Activity:
Among the entries below, find the lines holding "This" and copy them.

Data for review:
= = =
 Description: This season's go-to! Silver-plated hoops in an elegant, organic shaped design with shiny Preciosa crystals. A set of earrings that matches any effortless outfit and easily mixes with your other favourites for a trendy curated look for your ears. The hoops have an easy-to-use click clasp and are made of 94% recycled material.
= = =
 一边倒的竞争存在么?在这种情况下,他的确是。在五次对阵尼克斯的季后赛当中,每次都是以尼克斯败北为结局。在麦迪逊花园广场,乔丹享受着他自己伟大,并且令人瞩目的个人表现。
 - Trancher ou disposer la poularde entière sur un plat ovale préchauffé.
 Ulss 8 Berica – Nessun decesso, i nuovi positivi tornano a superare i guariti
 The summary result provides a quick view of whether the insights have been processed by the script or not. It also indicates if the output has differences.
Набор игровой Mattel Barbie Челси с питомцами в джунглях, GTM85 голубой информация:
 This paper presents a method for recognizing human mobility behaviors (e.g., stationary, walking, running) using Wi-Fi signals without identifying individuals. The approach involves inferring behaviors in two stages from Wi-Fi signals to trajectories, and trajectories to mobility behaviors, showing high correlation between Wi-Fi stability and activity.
= = =
Written solution:
 Description: This season's go-to! Silver-plated hoops in an elegant, organic shaped design with shiny Preciosa crystals. A set of earrings that matches any effortless outfit and easily mixes with your other favourites for a trendy curated look for your ears. The hoops have an easy-to-use click clasp and are made of 94% recycled material.
 This paper presents a method for recognizing human mobility behaviors (e.g., stationary, walking, running) using Wi-Fi signals without identifying individuals. The approach involves inferring behaviors in two stages from Wi-Fi signals to trajectories, and trajectories to mobility behaviors, showing high correlation between Wi-Fi stability and activity.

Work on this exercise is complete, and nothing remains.